Related Work & Insights¶
- vs EditVid-QA: EditVid-QA also evaluates synthetic videos, but is limited to edited videos and only features open-ended questions; VF-Eval covers more diverse AIGC types and question formats.
- vs QBench: QBench addresses quality assessment of AI-generated content but focuses primarily on scoring, whereas VF-Eval emphasizes error diagnostics and reasoning.

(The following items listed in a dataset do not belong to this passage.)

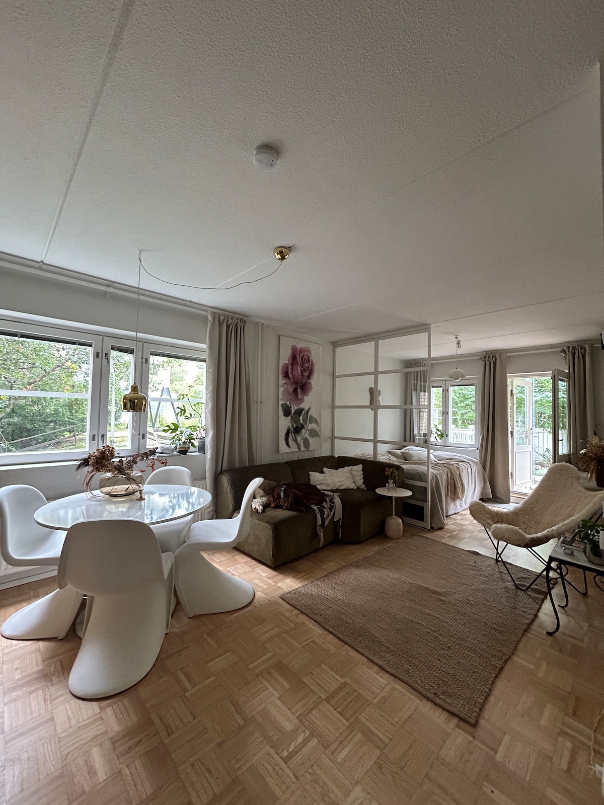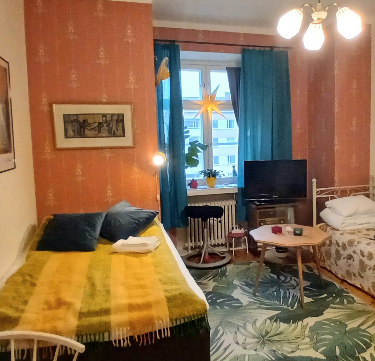 Árasán aon seomra leapa le balcóin, 200m ó stáisiún Pasila agus ón Ionad Taispeántais. Spás páirceála te san íoslach. Seirbhísí cuimsitheacha ionad siopadóireachta Tripla béal dorais. Tá línéadach leapa agus tuáillí san áireamh, chomh maith le tae/caife. Meaisín níocháin sa chistin. Tabhair faoi deara go bhféadfadh go mbeadh torann athchóirithe ciúin ann ón 07-17 ar an 1-2/26 i rith na seachtaine (athchóiriú ag an taobh eile den teach, ní san árasán seo, ní san fhoirgneamh céanna fiú). Beidh athchóiriú ar siúl san fhoirgneamh in aice láimhe ar an 3-4/26, mar sin beidh an torann níos mó. D'fhéadfadh uisce a bheith ar lár i rith na seachtaine. Níl aon núis torainn ann ag an deireadh seachtaine.
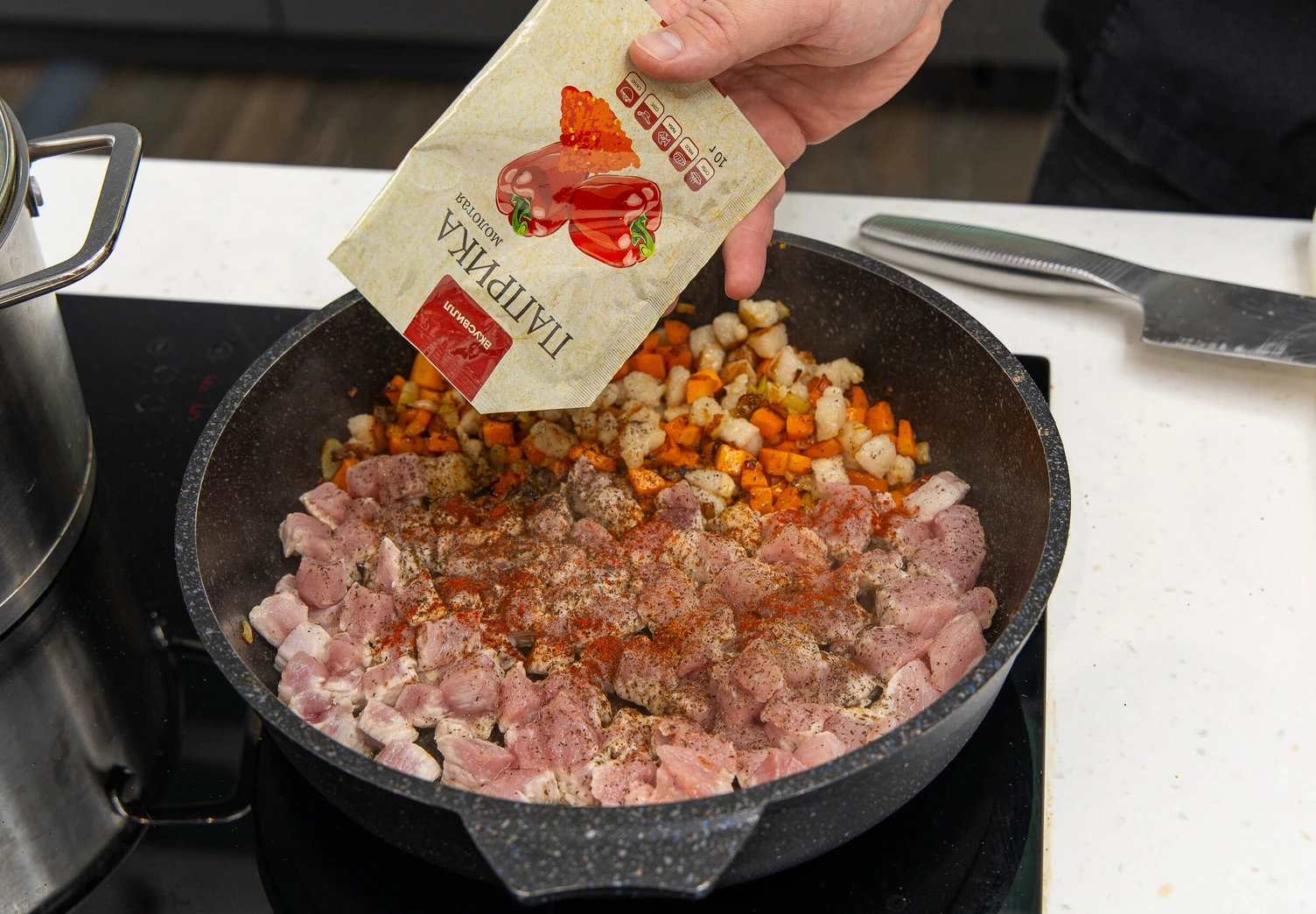 Всыпьте соль, мускатный орех и паприку по вкусу. Добавьте рубленый чеснок. Влейте в сковороду 120 мл воды и тушите содержимое, пока вся вода полностью не выпарится.
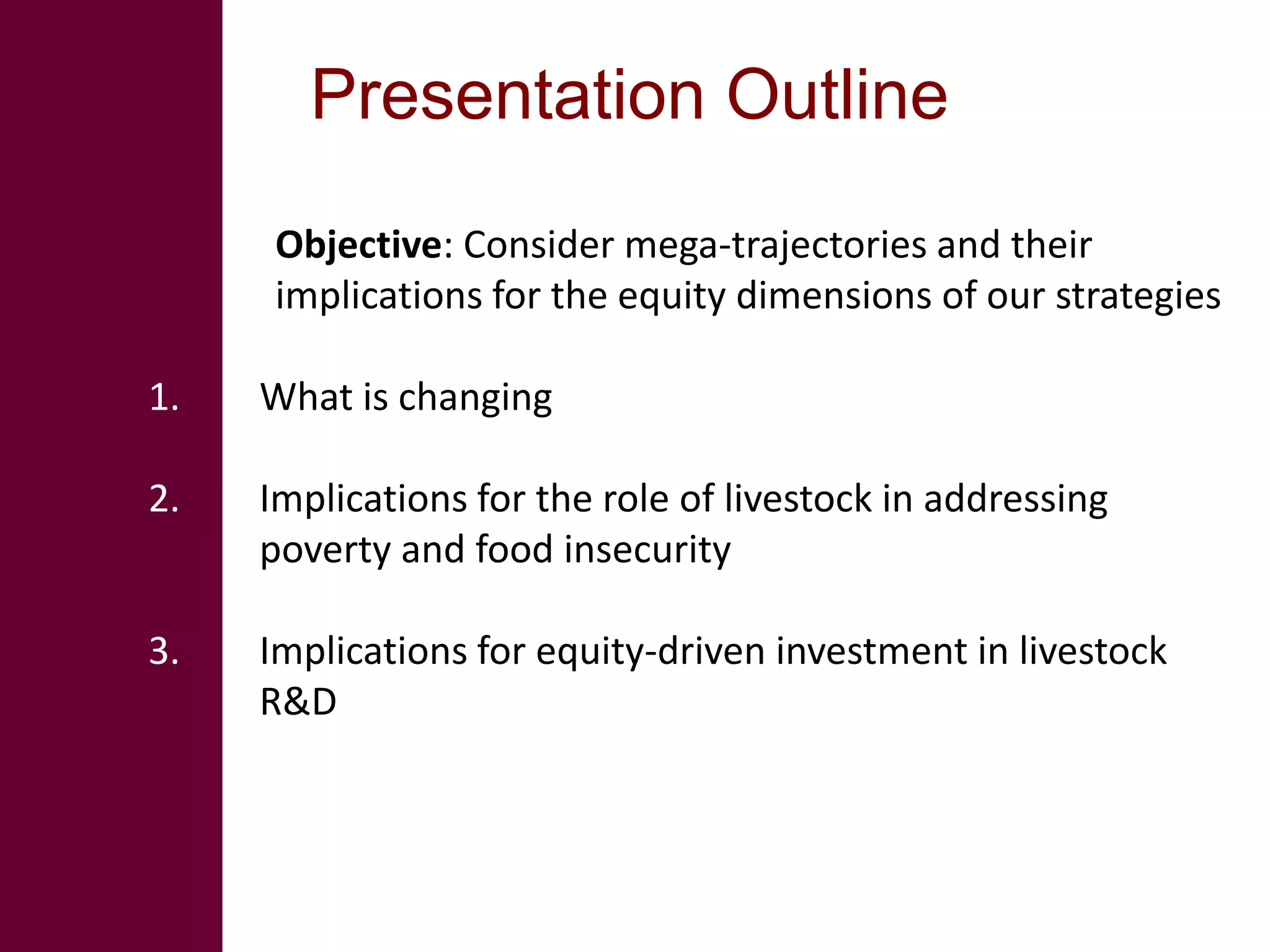 The document discusses the challenges of global poverty and food security, specifically through the lens of livestock's role in developing economies and smallholder systems. It outlines changing dynamics in demand for animal-source food, the importance of smallholder production, and the need for informed investment strategies to support both commercialization and social protection in livestock development. Overall, it emphasizes the necessity for tailored approaches to research and investment that recognize the diverse needs of smallholders and the potential trade-offs in supporting either economic empowerment or social safety nets.
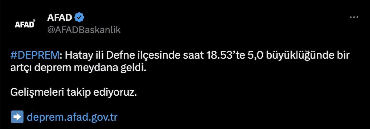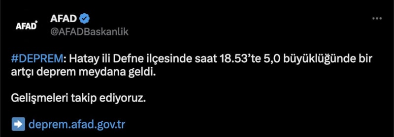 Son olarak Afet ve Acil Durum Yönetimi Başkanlığının (AFAD) internet sitesinde yer alan bilgiye göre, deprem saat 18.53'te Hatay'ın Defne ilçesinde yaşandı.
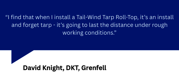 Our Roll-Top Tail-Wind Tarps have been a game changer for David Knight Transport - allowing them to transport grains, fertilisers and feed without the worry of it getting wet or falling out.
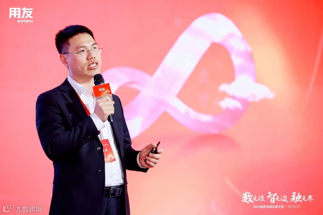本次大会,用友网络高级副总裁兼企业BG总裁徐洋先生发表《数智云领 融合共赢》主题演讲。他首先代表公司诚挚感谢全体商业伙伴2023年同心协力,对用友的鼎力支持与卓越贡献。
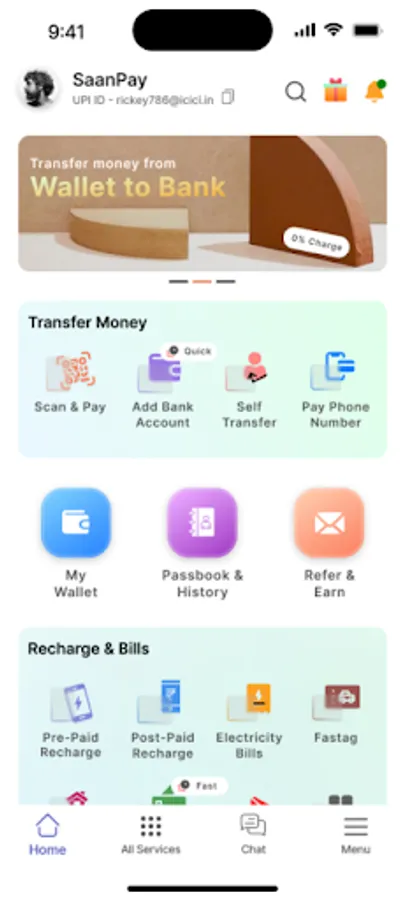 We make money transfer simple & quick. Select ‘Transfer to bank’ or ‘wallet transfer’ to make the money transfers

- vs Video-MME: Video-MME is the most comprehensive benchmark for natural video understanding; VF-Eval serves as its counterpart in the AIGC video domain.
Rating¶
- Novelty: ⭐⭐⭐⭐ First systematic AIGC video feedback evaluation benchmark, featuring hierarchically designed tasks.
- Experimental Thoroughness: ⭐⭐⭐⭐ Evaluated 13 models alongside human baselines and validated via RePrompt.
- Writing Quality: ⭐⭐⭐ Well-structured, although some details could be more concise.
- Value: ⭐⭐⭐⭐ Offers significant practical guidance for both AIGC video quality assessment and the improvement of video generation.